**RECORDS SHOWN:**
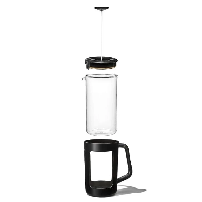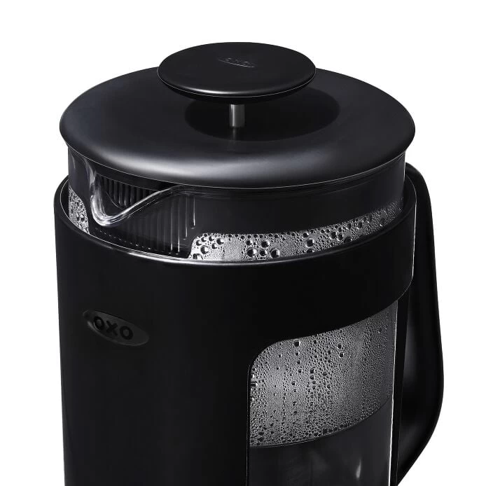 Coffee lovers can take their favorite way to brew on the road with the OXO Venture French Press. The clear carafe is made from durable, shatter-resistant BPA-free Tritan™ Renew* plastic, so it can withstand long car rides, a day at the beach, or wherever your next adventure may take you—even if it’s the backyard. Windows on both sides of the case show the coffee level, and the spout has a secondary level of filtration for a clean, rich taste. Best used with coarsely ground coffee, the 8-cup capacity is ideal for serving parties of two (or more). *Tritan™ Renew is made from certified recycled content through a mass balance allocation process that transforms plastics destined for landfills into high-performance, food-safe materials.
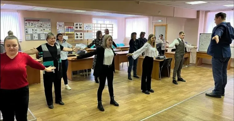 На станции Нижнеудинск Гордеенок провел лекцию о принципах здорового образа жизни и показал упражнения для повышения работоспособности
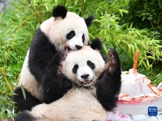8月31日,大熊貓“夢(mèng)想”(左)和“夢(mèng)圓”在德國柏林動(dòng)物園享用“生日餐”。當(dāng)日,在德國出生的大熊貓雙胞胎兄弟“夢(mèng)想”和“夢(mèng)圓”迎來4歲生日,柏林動(dòng)物園為它們舉辦了慶?;顒?dòng)。新華社記者 任鵬飛 攝
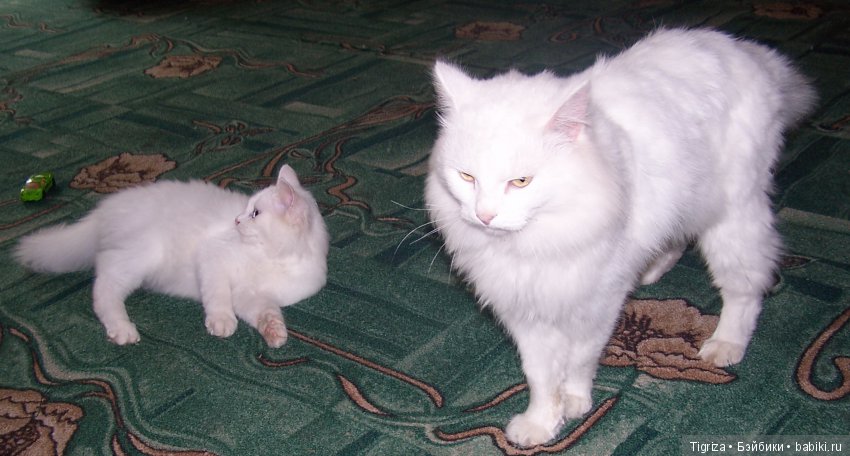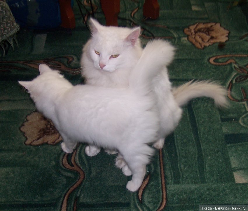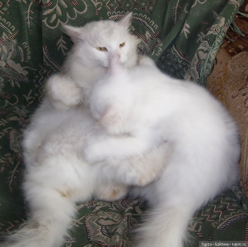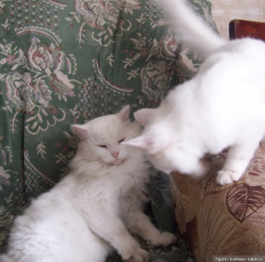 А это мои красавцы. Люблю белых котов.И по одному их никогда не держу.Морфей и Шах. Шах-молоденький котенок.А Марфуше уже 7 лет. Он отличная нянька. Хоть и терпит бесконечные атаки Шаха.
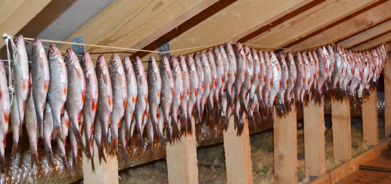 ЗЫ. Можно перед вывешиванием раскладывать на газеты и переворачивать время от времени, так подсыхает рыба гораздо быстрее и не течёт с неё обильно. Или (если крупняк) обтереть салфетками/бум. полотенцами.
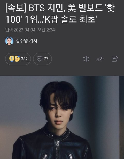 속보 지민 빌보드1위
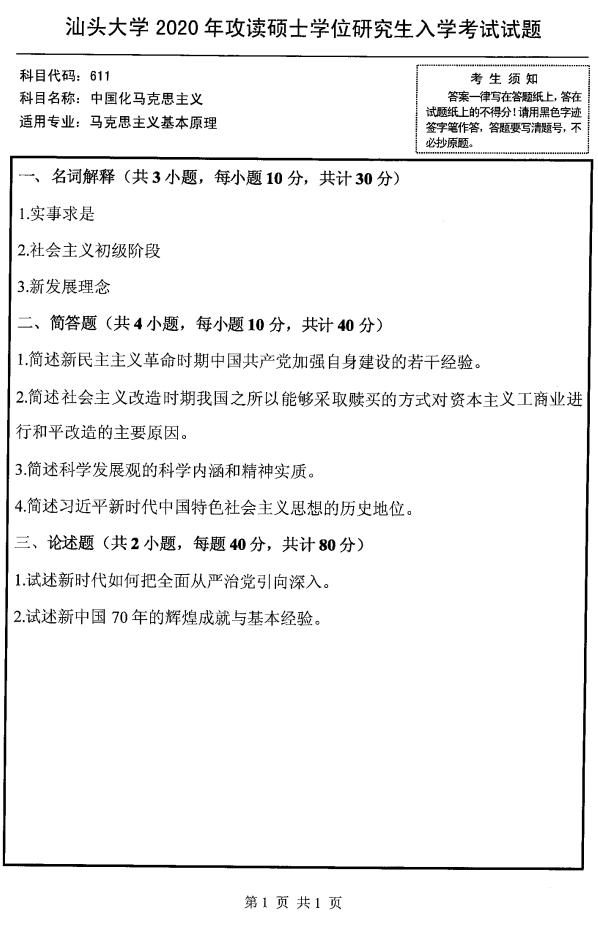 以上就是小編整理的“考研真題:汕頭大學(xué)611中國化馬克思主義2020年碩士研究生招生考試試題”的全部內(nèi)容!更多真題資料請(qǐng)關(guān)注“考研專業(yè)課真題”欄目!祝考研成功!
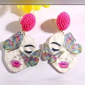 NEW! 2 For 25$ Pink and Multicolor Butterfly Face Earrings NEW
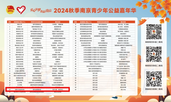 为进一步弘扬公益服务精神,扎实推进友爱进步的志愿服务理念,引导大学生在公益活动中绽放青春风采,11月9日,由共青团江苏省委和江苏省青年志愿者协会指导,共青团南京市委、南京市委社会工作部和南京市青年志愿者协会主办的“爱心筑梦·青益南京”2024秋季南京青少年公益嘉年华活动在南京市栖霞古镇成功举办。
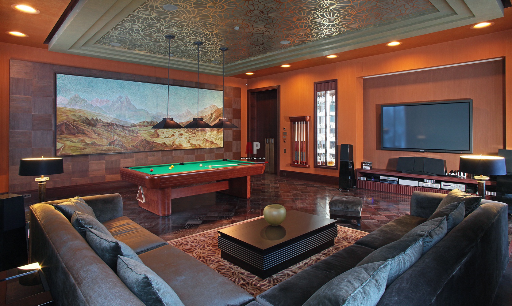 Бильярдная совмещает в себе две взаимосвязанные зоны: собственно бильярдную и комфортную зону отдыха. В интерьере - орнаментальные росписи, пластичный потолочный объем. Живопись, художник – Анатолий Ганкевич
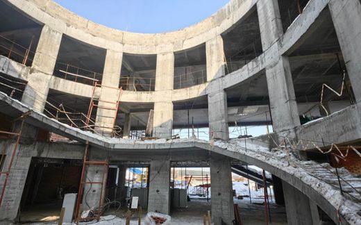 Параллельно на объекте ведутся электромонтажные работы, монтаж систем вентиляции, кондиционирования, а также работы по устройству наружных тепловых сетей и сетей водоснабжения.
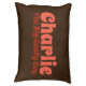 Dog cushion bed in chocolate brown and coral orange personalize the fun text to any name or message, or text is removable. The background and text can be switched to any color choice .
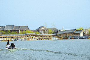 游客在碧水蓝天、烟波浩渺的龙湖里观赏美景。 (王映 摄)
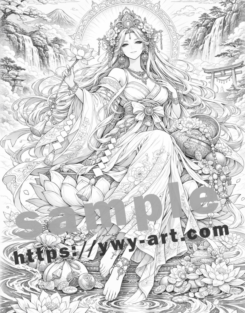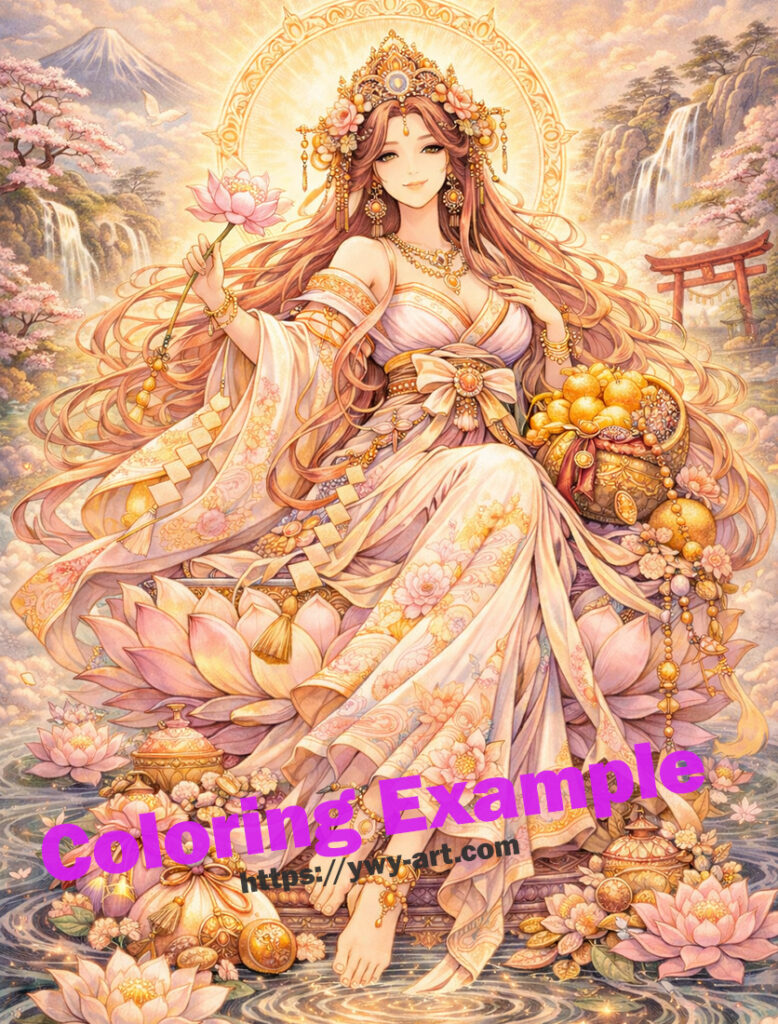 繊細な装飾や衣装を自由に彩りながら、 美と豊かさを象徴する女神の世界観を楽しむことができる塗り絵作品となっています。
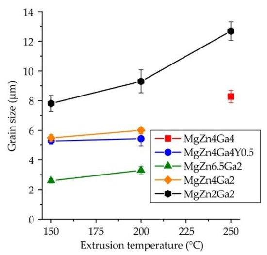 The insets in Figure 3 in the blue box show the microstructure of the alloys after etching. The grain structure was close to a fine DRX one, but a small fraction of coarse non-DRX grains was also observed. The average grain sizes of the Mg–Zn–Ga–(Y) alloys extruded at different temperatures are shown in Figure 8. The grain sizes of the MgZn4Ga4 alloys formed at extrusion temperatures of 150 or 200 °C were not measured because the samples could not be effectively etched due to high fraction of intermetallic phases in its structure. However, it can be concluded that the finer grains were observed at lower extrusion temperatures, and for the MgZn2Ga2 alloy, it is more clearly seen.
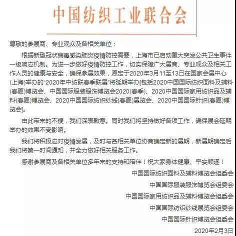 2020年中紡聯(lián)春季聯(lián)展將延期舉辦,原定于3月11-13日在國家會(huì)展中心(上海)舉辦的。
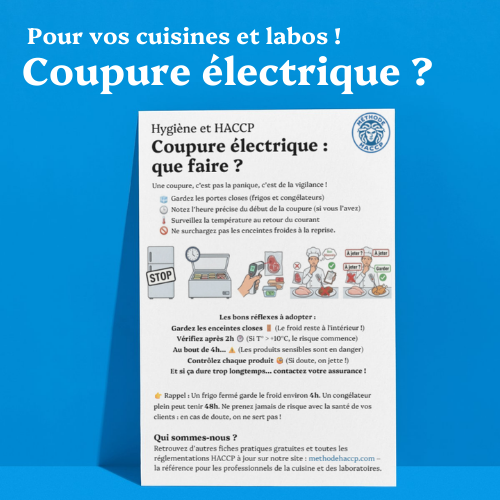 Un affiche qui indique clairement la démarche à faire en cas de coupure électrique pour préserver la chaîne du froid.
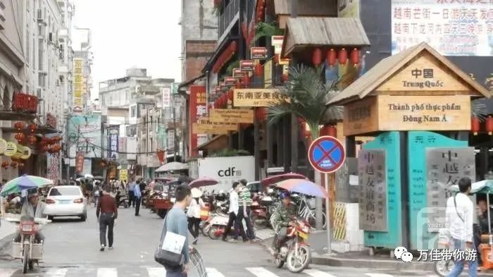 都是非常好的去处。街道两侧房屋上都插着五星红旗, 其中有许多商铺都售卖着越国特产,也有许多越南人在摆着摊卖着越南的小吃与传统特色商品。 (自由活动时间无导游和车陪同)
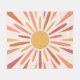 Ilustração de sol do estilo abstrato retro com decoração de raios solares cor-de-rosa, castanho, laranja, roxo e amarelo em fundo cor-de-rosa pastel para amantes do verão.
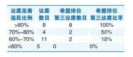 巫裔选民占六到七成的选区,共有11席。当中,也有出现希盟选票排位第三的议席,即是N24万望,以及N25霖区。也就是说,在此种族构成下,只有约二成的选区,希盟排位第三。巫裔选民六成以下的所有选区,则全无希盟选票排位第三的议席。
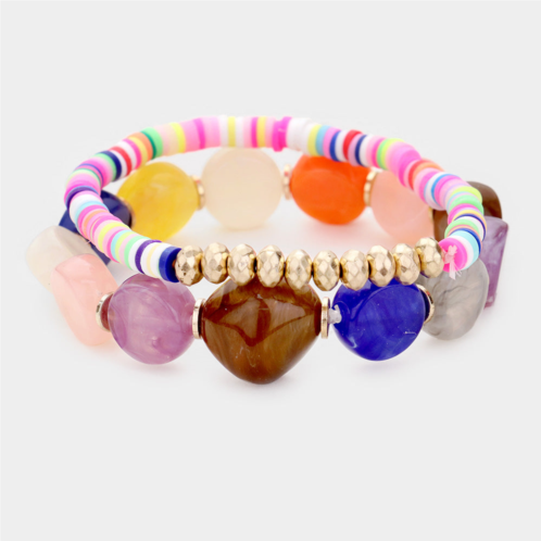 [US] FASHNZFAB 2pcs - colorful stone disc bead metal stretch bracelets gold multi
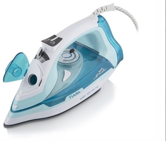 ETA Tiara II 0269 90000 je opatřena ergonomicky tvarovanou rukojetí a dlouhým napájecím kabelem (2 m). Napájecí kabel je navíc osazeným výkyvným kloubem, který chrání kabel před poškozením. Kabel je možné po ukončení žehlení rychle navinout na zadní část a poté bezpečně odložit žehličku na stojan do odkládací polohy.
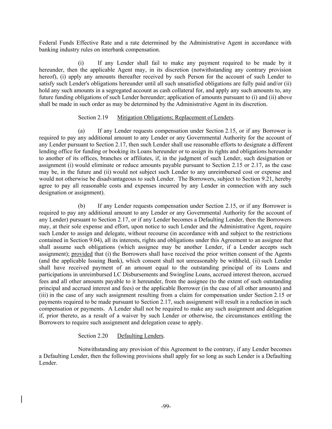 Federal Funds Effective Rate and a rate determined by the Administrative Agent in accordance with banking industry rules on interbank compensation. (i) If any Lender shall fail to make any payment required to be made by it hereunder, then the applicable Agent may, in its discretion (notwithstanding any contrary provision hereof), (i) apply any amounts thereafter received by such Person for the account of such Lender to satisfy such Lender's obligations hereunder until all such unsatisfied obligations are fully paid and/or (ii) hold any such amounts in a segregated account as cash collateral for, and apply any such amounts to, any future funding obligations of such Lender hereunder; application of amounts pursuant to (i) and (ii) above shall be made in such order as may be determined by the Administrative Agent in its discretion. Section 2.19 Mitigation Obligations; Replacement of Lenders. (a) If any Lender requests compensation under Section 2.15, or if any Borrower is required to pay any additional amount to any Lender or any Governmental Authority for the account of any Lender pursuant to Section 2.17, then such Lender shall use reasonable efforts to designate a different lending office for funding or booking its Loans hereunder or to assign its rights and obligations hereunder to another of its offices, branches or affiliates, if, in the judgment of such Lender, such designation or assignment (i) would eliminate or reduce amounts payable pursuant to Section 2.15 or 2.17, as the case may be, in the future and (ii) would not subject such Lender to any unreimbursed cost or expense and would not otherwise be disadvantageous to such Lender. The Borrowers, subject to Section 9.21, hereby agree to pay all reasonable costs and expenses incurred by any Lender in connection with any such designation or assignment). (b) If any Lender requests compensation under Section 2.15, or if any Borrower is required to pay any additional amount to any Lender or any Governmental Authority for the account of any Lender) pursuant to Section 2.17, or if any Lender becomes a Defaulting Lender, then the Borrowers may, at their sole expense and effort, upon notice to such Lender and the Administrative Agent, require such Lender to assign and delegate, without recourse (in accordance with and subject to the restrictions contained in Section 9.04), all its interests, rights and obligations under this Agreement to an assignee that shall assume such obligations (which assignee may be another Lender, if a Lender accepts such assignment); provided that (i) the Borrowers shall have received the prior written consent of the Agents (and the applicable Issuing Bank), which consent shall not unreasonably be withheld, (ii) such Lender shall have received payment of an amount equal to the outstanding principal of its Loans and participations in unreimbursed LC Disbursements and Swingline Loans, accrued interest thereon, accrued fees and all other amounts payable to it hereunder, from the assignee (to the extent of such outstanding principal and accrued interest and fees) or the applicable Borrower (in the case of all other amounts) and (iii) in the case of any such assignment resulting from a claim for compensation under Section 2.15 or payments required to be made pursuant to Section 2.17, such assignment will result in a reduction in such compensation or payments. A Lender shall not be required to make any such assignment and delegation if, prior thereto, as a result of a waiver by such Lender or otherwise, the circumstances entitling the Borrowers to require such assignment and delegation cease to apply. Section 2.20 Defaulting Lenders. Notwithstanding any provision of this Agreement to the contrary, if any Lender becomes a Defaulting Lender, then the following provisions shall apply for so long as such Lender is a Defaulting Lender. -99-

**PROMPT:** Please set down, exactly and with no pictures, the lines in the entries above starting at the one holding "На станции Нижнеудинск" and ending at the one holding "Бильярдная совмещает в", ends included.

**WRITTEN RESPONSE:**
 На станции Нижнеудинск Гордеенок провел лекцию о принципах здорового образа жизни и показал упражнения для повышения работоспособности
8月31日,大熊貓“夢(mèng)想”(左)和“夢(mèng)圓”在德國柏林動(dòng)物園享用“生日餐”。當(dāng)日,在德國出生的大熊貓雙胞胎兄弟“夢(mèng)想”和“夢(mèng)圓”迎來4歲生日,柏林動(dòng)物園為它們舉辦了慶?;顒?dòng)。新華社記者 任鵬飛 攝
 А это мои красавцы. Люблю белых котов.И по одному их никогда не держу.Морфей и Шах. Шах-молоденький котенок.А Марфуше уже 7 лет. Он отличная нянька. Хоть и терпит бесконечные атаки Шаха.
 ЗЫ. Можно перед вывешиванием раскладывать на газеты и переворачивать время от времени, так подсыхает рыба гораздо быстрее и не течёт с неё обильно. Или (если крупняк) обтереть салфетками/бум. полотенцами.
 속보 지민 빌보드1위
 以上就是小編整理的“考研真題:汕頭大學(xué)611中國化馬克思主義2020年碩士研究生招生考試試題”的全部內(nèi)容!更多真題資料請(qǐng)關(guān)注“考研專業(yè)課真題”欄目!祝考研成功!
 NEW! 2 For 25$ Pink and Multicolor Butterfly Face Earrings NEW
 为进一步弘扬公益服务精神,扎实推进友爱进步的志愿服务理念,引导大学生在公益活动中绽放青春风采,11月9日,由共青团江苏省委和江苏省青年志愿者协会指导,共青团南京市委、南京市委社会工作部和南京市青年志愿者协会主办的“爱心筑梦·青益南京”2024秋季南京青少年公益嘉年华活动在南京市栖霞古镇成功举办。
 Бильярдная совмещает в себе две взаимосвязанные зоны: собственно бильярдную и комфортную зону отдыха. В интерьере - орнаментальные росписи, пластичный потолочный объем. Живопись, художник – Анатолий Ганкевич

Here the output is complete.